The input of the RS into the script resulted in six partially conserved RS, one RS with one mutation and five RS with two mutations. Among the RS identified, cgcgat was selected due to its position. The sequence cgcgat was the only one that allowed the promoter of the template DNA sequence to be excluded. An output example is shown below, where the a.dna file contains the input sequence.
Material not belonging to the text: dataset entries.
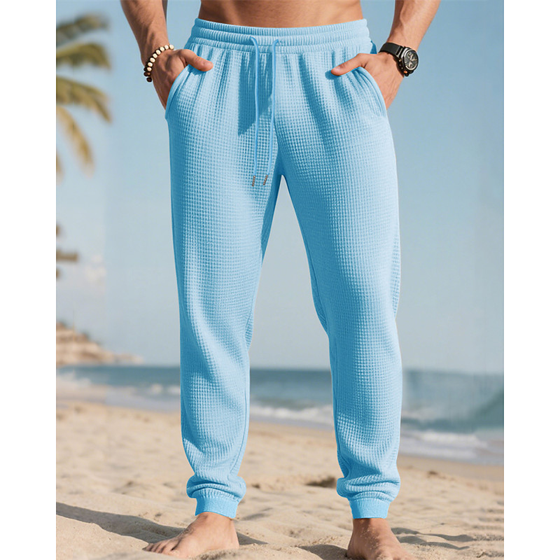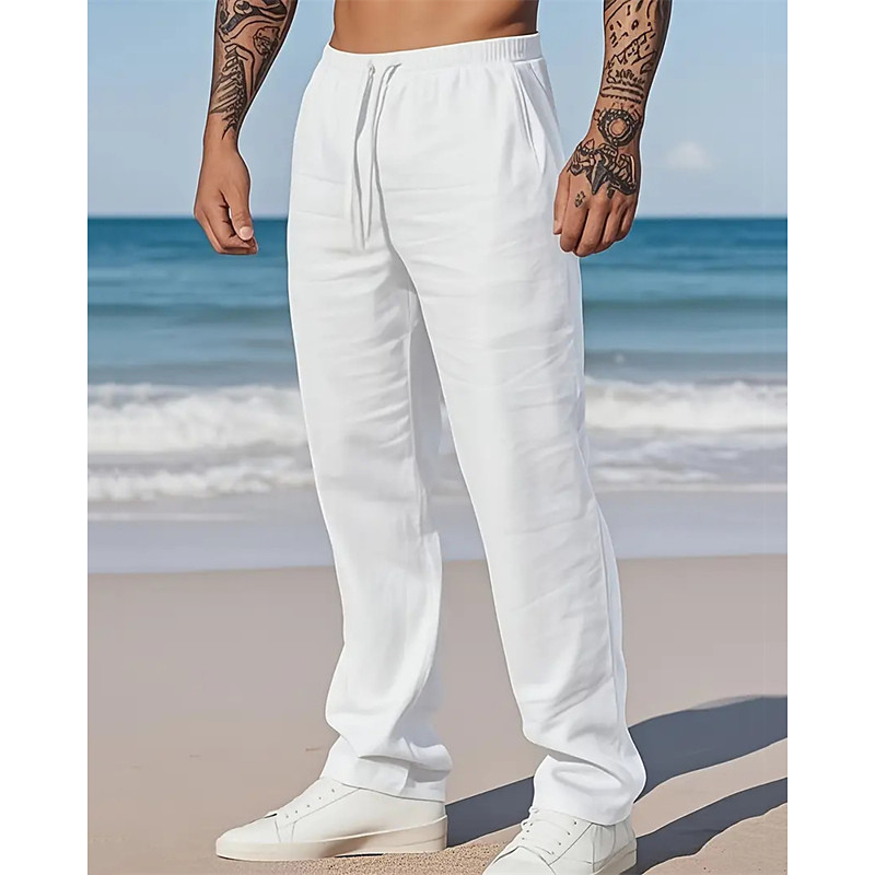 Men's Linen Pants Trousers Summer Pants Drawstring Elastic Waist Plain Comfort Soft Daily Beach Fashion Simple Black White Micro-elastic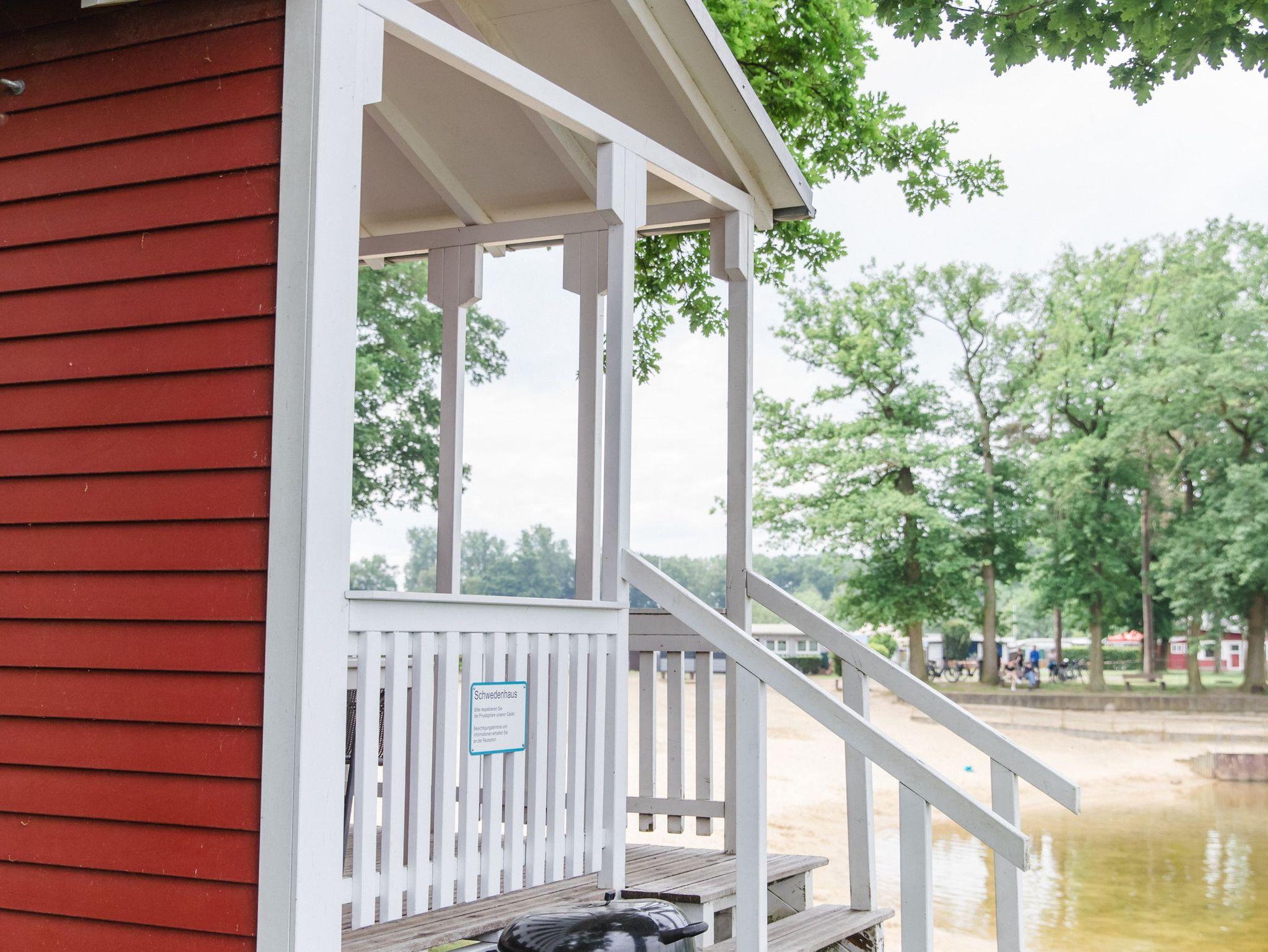 Unser Schwedenhaus steht an einer ganz besonders schönen Stelle des Platzes, gleich neben dem Sandstrand und mit direktem Blick auf den Ternscher See.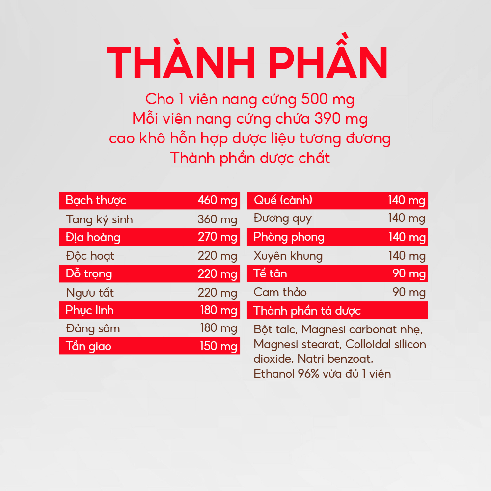 Eukalyptus 460 mg; Parasitärer Tang 360 mg; Kaiser 270 mg; Giftig 220 mg; Do Trong 220 mg; Klettensocken 220 mg; Phu Linh 180 mg; Party Ginseng 180 mg; Qin Jiao 150 mg; Zimt 140 mg; Aktuell 140 mg; Zimmer 140 mg; Durchstechend 140 mg; Te Tan 90 mg; Süßholz 90 mg; Der sonstige Bestandteil beträgt nur 1 Tablette.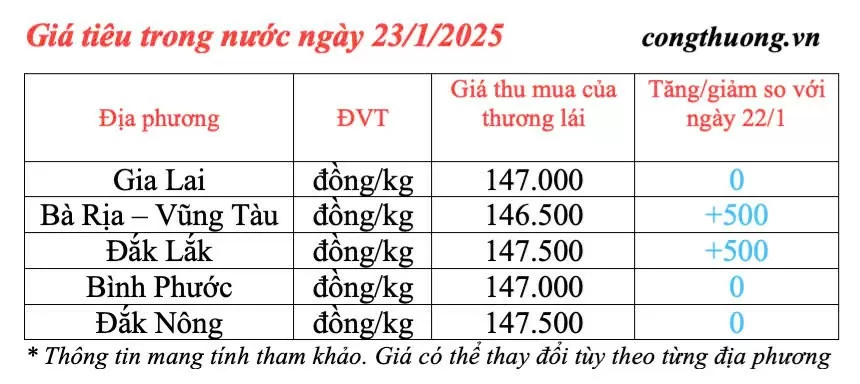 Giá tiêu trong nước cập nhật ngày 23/1/2025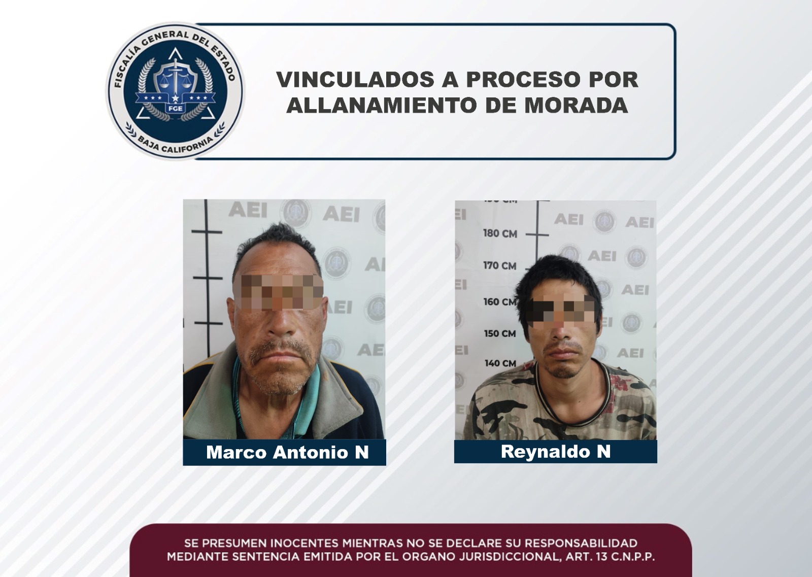 MEXICALI, B.C. 08 DE ABRIL DE 2023.- La Fiscalía General del Estado, a través de la Unidad de Investigación de Delitos con Detenido Oriente, obtuvo la vinculación a proceso de Marco Antonio “N” y Reynaldo “N”, por el delito de allanamiento de morada.

Enter the name of the template DNA file: a.dna
Enter the RS to be searched: ctcgag
Intact sites: No site found
Sites with one mutation: Found cgcgag at 30
Sites with two mutations: Found ttcgcg at 111, Found cccgat at 17
Found cgtgag at 86, Found cgcgcg at 75, Found cgcgat at 113
The sequence cgcgat in the template DNA was substituted by the sequence ctcgag to simulate enzymatic digestion. The simulation of enzymatic digestion and ligation of the mutated template DNA and the vector generated a DNA fragment which is in frame with the promoter of the vector (1). Bold letters denote the inserted RS, ATG is the start codon of the vector, as seen below:
accATG.gat.ccg.agc.tcg.agg.aag.cat.tct.tcc.gat.atc (1)
M D P S S R K H S S D I (2)
M K H S S D I (3)
The codified protein (2) contains five amino acids more than the original protein (3). The first amino acid of the original protein, Methionine (M), is substituted by one Arginine (R).